- [Given information]:
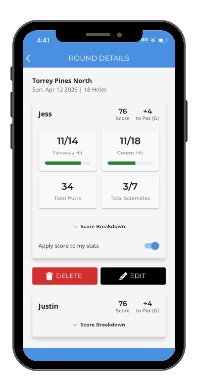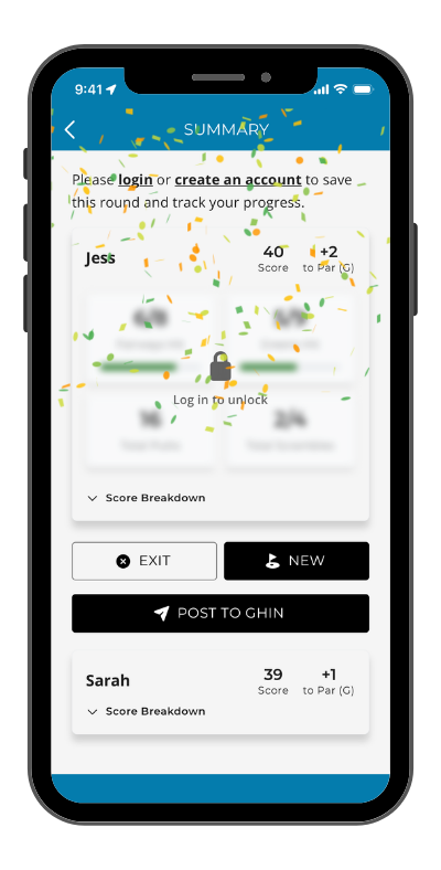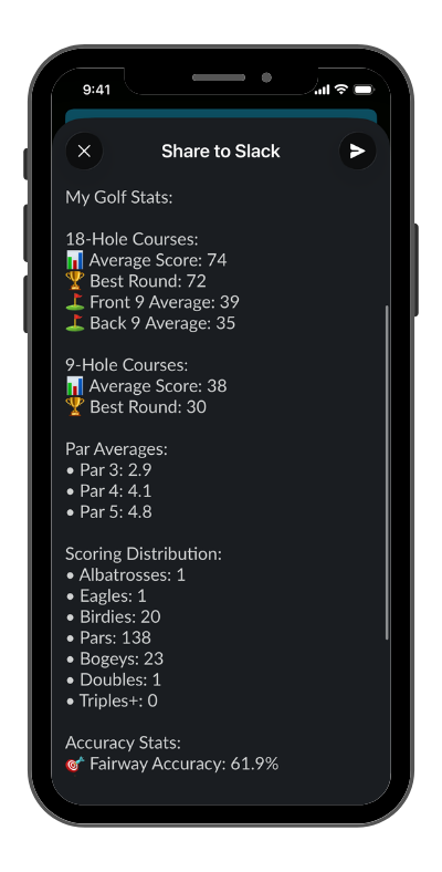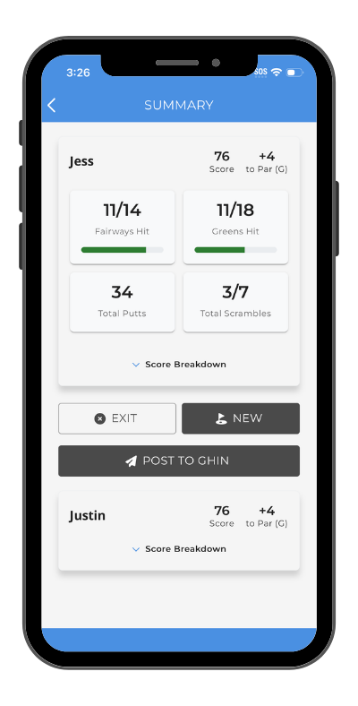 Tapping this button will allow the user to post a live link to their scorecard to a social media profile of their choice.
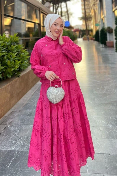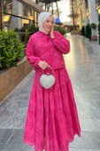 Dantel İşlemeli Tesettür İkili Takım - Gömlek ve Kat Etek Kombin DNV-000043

---

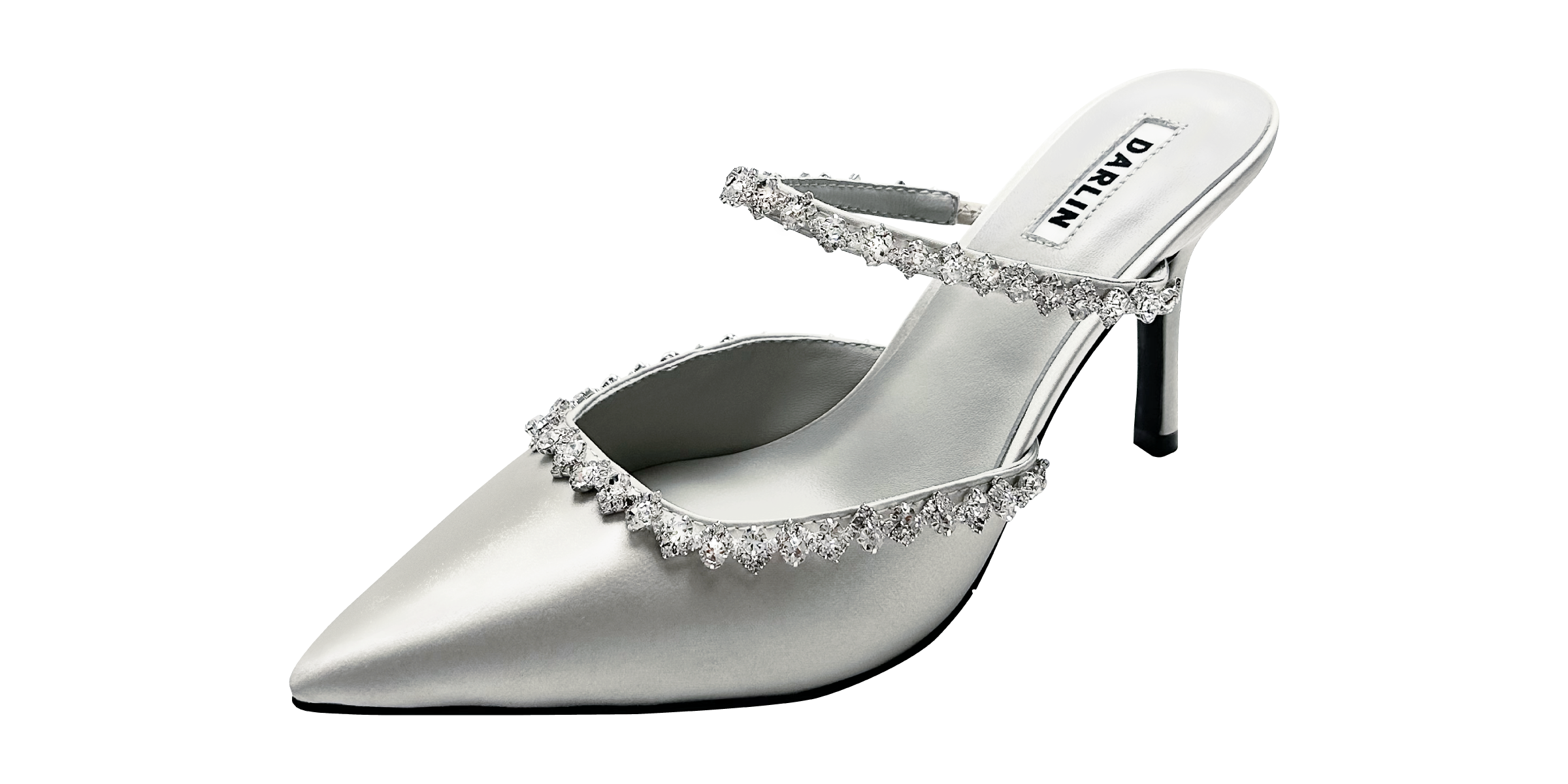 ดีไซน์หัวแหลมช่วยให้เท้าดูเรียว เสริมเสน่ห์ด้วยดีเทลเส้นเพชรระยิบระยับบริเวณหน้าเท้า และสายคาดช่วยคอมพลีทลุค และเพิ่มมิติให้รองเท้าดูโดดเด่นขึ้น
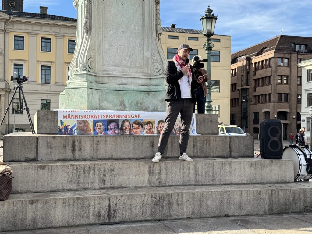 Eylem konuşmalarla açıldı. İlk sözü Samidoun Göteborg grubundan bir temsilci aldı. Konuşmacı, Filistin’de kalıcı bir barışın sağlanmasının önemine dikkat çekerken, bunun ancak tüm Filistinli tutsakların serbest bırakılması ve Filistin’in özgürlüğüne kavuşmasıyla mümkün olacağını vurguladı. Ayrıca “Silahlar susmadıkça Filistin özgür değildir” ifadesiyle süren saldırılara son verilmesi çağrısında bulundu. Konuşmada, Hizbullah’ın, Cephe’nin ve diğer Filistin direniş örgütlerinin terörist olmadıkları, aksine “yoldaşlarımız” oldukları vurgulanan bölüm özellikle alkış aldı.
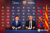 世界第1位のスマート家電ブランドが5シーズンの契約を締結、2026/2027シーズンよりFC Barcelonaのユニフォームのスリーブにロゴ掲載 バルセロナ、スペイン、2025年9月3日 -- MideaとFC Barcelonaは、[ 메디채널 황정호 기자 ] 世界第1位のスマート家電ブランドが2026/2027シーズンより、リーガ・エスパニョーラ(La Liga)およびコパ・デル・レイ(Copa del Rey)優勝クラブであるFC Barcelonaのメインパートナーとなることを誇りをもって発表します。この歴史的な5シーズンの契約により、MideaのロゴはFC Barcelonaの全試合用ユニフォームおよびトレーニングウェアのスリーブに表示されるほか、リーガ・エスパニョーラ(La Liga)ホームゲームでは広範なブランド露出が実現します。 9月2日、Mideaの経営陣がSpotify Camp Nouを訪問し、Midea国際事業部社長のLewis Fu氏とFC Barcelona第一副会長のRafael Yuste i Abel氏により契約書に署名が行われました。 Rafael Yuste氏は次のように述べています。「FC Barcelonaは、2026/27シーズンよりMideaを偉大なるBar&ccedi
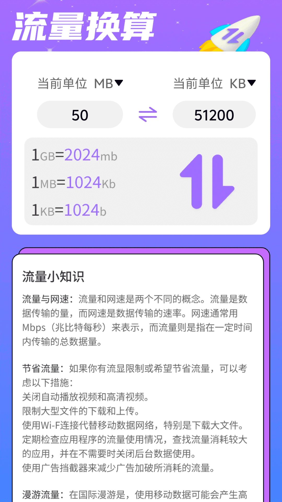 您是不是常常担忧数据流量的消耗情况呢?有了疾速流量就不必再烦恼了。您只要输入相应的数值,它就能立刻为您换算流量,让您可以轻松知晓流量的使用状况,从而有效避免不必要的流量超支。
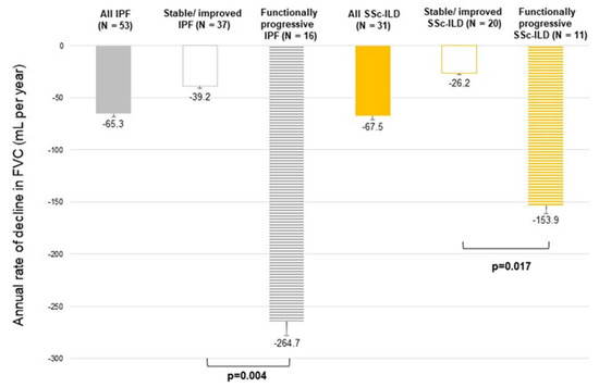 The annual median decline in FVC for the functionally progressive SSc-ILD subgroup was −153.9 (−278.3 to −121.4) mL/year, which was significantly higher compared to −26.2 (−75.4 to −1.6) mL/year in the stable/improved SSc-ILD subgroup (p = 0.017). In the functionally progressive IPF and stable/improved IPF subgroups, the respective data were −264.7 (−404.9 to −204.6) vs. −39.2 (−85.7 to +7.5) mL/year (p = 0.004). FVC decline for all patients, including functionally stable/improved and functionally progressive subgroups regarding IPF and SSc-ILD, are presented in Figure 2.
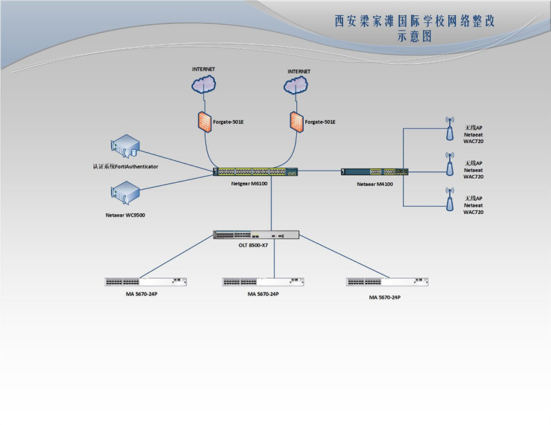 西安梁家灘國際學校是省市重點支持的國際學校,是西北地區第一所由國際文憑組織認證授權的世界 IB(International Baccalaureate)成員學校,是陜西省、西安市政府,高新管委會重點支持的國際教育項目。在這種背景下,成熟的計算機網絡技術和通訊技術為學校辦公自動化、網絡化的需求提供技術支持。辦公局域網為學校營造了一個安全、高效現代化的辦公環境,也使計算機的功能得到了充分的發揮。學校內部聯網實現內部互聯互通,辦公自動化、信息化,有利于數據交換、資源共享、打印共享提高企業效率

==

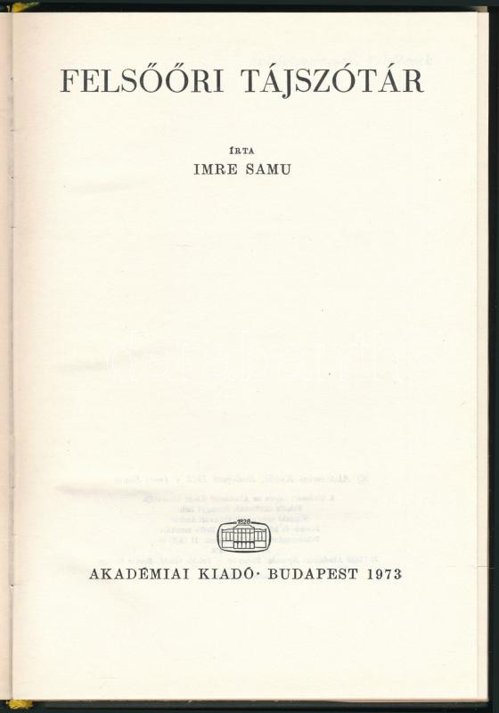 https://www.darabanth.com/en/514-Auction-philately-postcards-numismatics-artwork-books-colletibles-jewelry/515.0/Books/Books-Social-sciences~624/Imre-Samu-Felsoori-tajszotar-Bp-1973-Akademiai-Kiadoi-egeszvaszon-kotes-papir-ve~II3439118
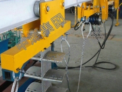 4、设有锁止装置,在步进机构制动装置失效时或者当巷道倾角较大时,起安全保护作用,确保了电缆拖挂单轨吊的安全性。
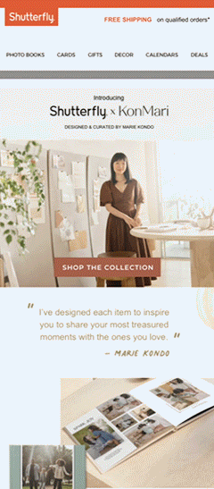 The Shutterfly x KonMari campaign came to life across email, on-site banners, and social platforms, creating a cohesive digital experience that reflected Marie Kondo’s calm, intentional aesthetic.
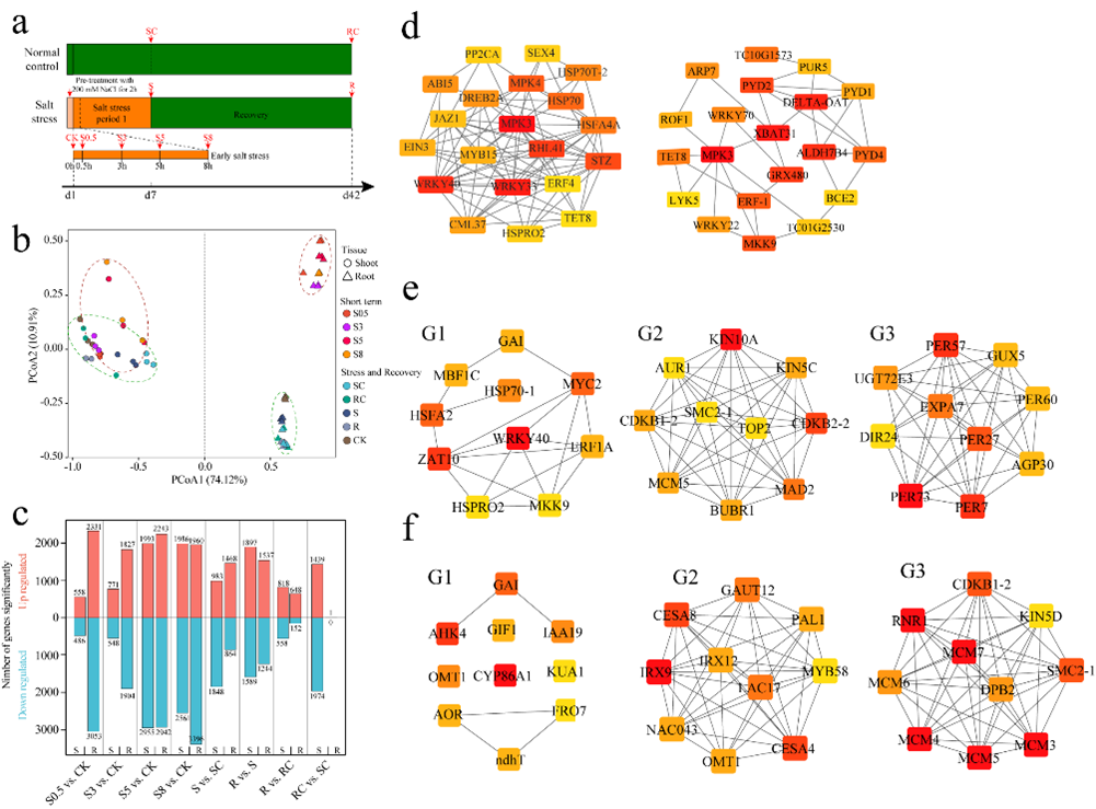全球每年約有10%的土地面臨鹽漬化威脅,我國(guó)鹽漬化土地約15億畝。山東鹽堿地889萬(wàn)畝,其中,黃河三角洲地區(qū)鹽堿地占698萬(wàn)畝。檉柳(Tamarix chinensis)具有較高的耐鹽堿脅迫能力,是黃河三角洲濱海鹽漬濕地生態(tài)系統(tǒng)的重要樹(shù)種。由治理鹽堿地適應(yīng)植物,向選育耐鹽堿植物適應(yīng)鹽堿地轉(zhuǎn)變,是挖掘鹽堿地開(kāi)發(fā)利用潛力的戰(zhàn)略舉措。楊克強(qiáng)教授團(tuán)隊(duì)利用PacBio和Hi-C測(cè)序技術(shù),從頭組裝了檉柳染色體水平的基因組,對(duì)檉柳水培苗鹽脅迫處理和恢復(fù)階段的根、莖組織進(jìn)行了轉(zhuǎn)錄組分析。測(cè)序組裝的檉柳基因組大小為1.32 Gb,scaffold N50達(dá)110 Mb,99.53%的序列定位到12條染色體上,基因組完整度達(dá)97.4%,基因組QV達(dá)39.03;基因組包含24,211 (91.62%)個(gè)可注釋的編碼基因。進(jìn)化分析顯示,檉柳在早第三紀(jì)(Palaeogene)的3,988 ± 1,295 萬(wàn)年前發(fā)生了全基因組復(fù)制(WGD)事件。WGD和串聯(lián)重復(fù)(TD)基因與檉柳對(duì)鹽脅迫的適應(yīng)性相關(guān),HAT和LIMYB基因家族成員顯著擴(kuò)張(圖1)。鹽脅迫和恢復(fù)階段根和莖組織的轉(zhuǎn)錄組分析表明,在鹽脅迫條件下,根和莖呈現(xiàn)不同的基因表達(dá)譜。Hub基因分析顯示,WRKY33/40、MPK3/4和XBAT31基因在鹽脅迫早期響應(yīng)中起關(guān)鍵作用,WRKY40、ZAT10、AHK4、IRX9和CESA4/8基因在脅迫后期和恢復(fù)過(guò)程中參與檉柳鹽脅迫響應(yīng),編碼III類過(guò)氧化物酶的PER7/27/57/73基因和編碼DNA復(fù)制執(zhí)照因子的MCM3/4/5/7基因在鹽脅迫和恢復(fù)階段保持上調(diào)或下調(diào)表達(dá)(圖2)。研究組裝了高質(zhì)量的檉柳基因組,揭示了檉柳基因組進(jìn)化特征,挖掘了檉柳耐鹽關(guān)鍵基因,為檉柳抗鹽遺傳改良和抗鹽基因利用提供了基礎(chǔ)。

- [Goal of the exercise]: Your reply should consist solely of the lines above from the line containing "Tapping this button" up to and including the line containing "Dantel İşlemeli Tesettür", reproduced exactly, minus the pictures.

- [Task solution]:
 Tapping this button will allow the user to post a live link to their scorecard to a social media profile of their choice.
 Dantel İşlemeli Tesettür İkili Takım - Gömlek ve Kat Etek Kombin DNV-000043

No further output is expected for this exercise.